率直に言って、これって名前がコットレツというだけでまったく違う料理ですよねえ。衣すらついていないし。事実、小菅先生は「いまでいうポークソテー」と説明しています。だったら初めから無視しなさいな。ソテーといっておきながら、原文の変体がなをことごとく読み間違えて「…薄鳶色に変たるを目度とし揚げ、さる後に…」と紹介しておりまして、揚げ物料理っぽい印象を与えております。おかげでトンカツの来歴を扱う本はことごとくふり回されっぱなし。『とんかつの誕生』に至ってはどうしちゃったんだか終始「ホールコットレッツ」と紹介しているし…。fowl cutletでは鳥カツになっちゃいますよ?
この他人の空似の第六十一等よりもですね、私は第五十二等の「コツトンツ、コールドモツトン」が気になってしかたない。お経だからって、面倒臭がらずにレシピを読まなきゃだめですよ? 隣の第五十三等のほうはカレーのレシピとかで、大変有名なのに…。
材料は「綿羊の冷残肉を斬り/卵一個/パンの散肉(ちらし)及び三十七等の鳶色の肉汁(にだし)/丹茄子(あかなす)少々」。作り方は「綿羊の肉を厚く五分程に切、卵と共に攪転(かきまわ)し、中へ浸し忽(たちま)ち引揚、パンの散肉を投下て、その後、火にて炙りし時に滴りし獣の膏(あぶら)を鍋に投(いれ)、厚き斬肉を其中に入れて焙烙(いり)、但し鳶色になるを期とす。丹茄子肉汁の中に煮熟汁(にえじる)を灌(そそ)ぐべし」。
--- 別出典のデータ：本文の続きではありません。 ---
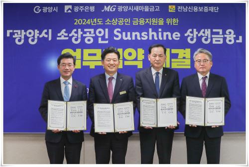 [½Åµ¿¾Æ¹æ¼Û±¤¾ç=¹Ú±¤¿Á±âÀÚ] ±¤¾ç½Ã°¡ Áö³­ 16ÀÏ Àü³²½Å¿ëº¸ÁõÀç´Ü, ±¤ÁÖÀºÇà, ±¤¾ç½Ã»õ¸¶À»±Ý°í¿Í ¡º±¤¾ç½Ã ¼Ò»ó°øÀÎ Sunshine »ó»ý±ÝÀ¶ ¾÷¹«Çù¾à¡»À» ü°áÇß´Ù. À̹ø Çù¾àÀº ´ëÃâÀÌ ¾î·Á¿î ±¤¾ç½Ã ¼Ò»ó°øÀÎÀÇ À¶ÀÚ ºÎ´ãÀ» ´ú¾îÁÖ°í °æ¿µ¾ÈÁ¤À» µµ¸ðÇϱâ À§ÇÑ ¸ñÀû¡¦

ね? こちらはちゃんと卵もパン粉もつけてまして、動物の油脂で加熱しています。焙烙は煎り焼きのニュアンスではありますが、ミラノ風カツレツを作るときの加熱法はこんな感じ。こちらこそが日本に初めてお目見えしたカツレツレシピではないでしょうか。コツトンツはコツトレツの誤植じゃないですか? それが証拠に、この料理のモツトン(mutton)の「ン」の字は逆に「レ」によく似ていて取り違えやすそう…。なお材料の中の三十七等の煮汁はブラウン・グレービーのことでして、このレシピではいまいち使い方がわかりませんが、トマトを煮て加えるようです。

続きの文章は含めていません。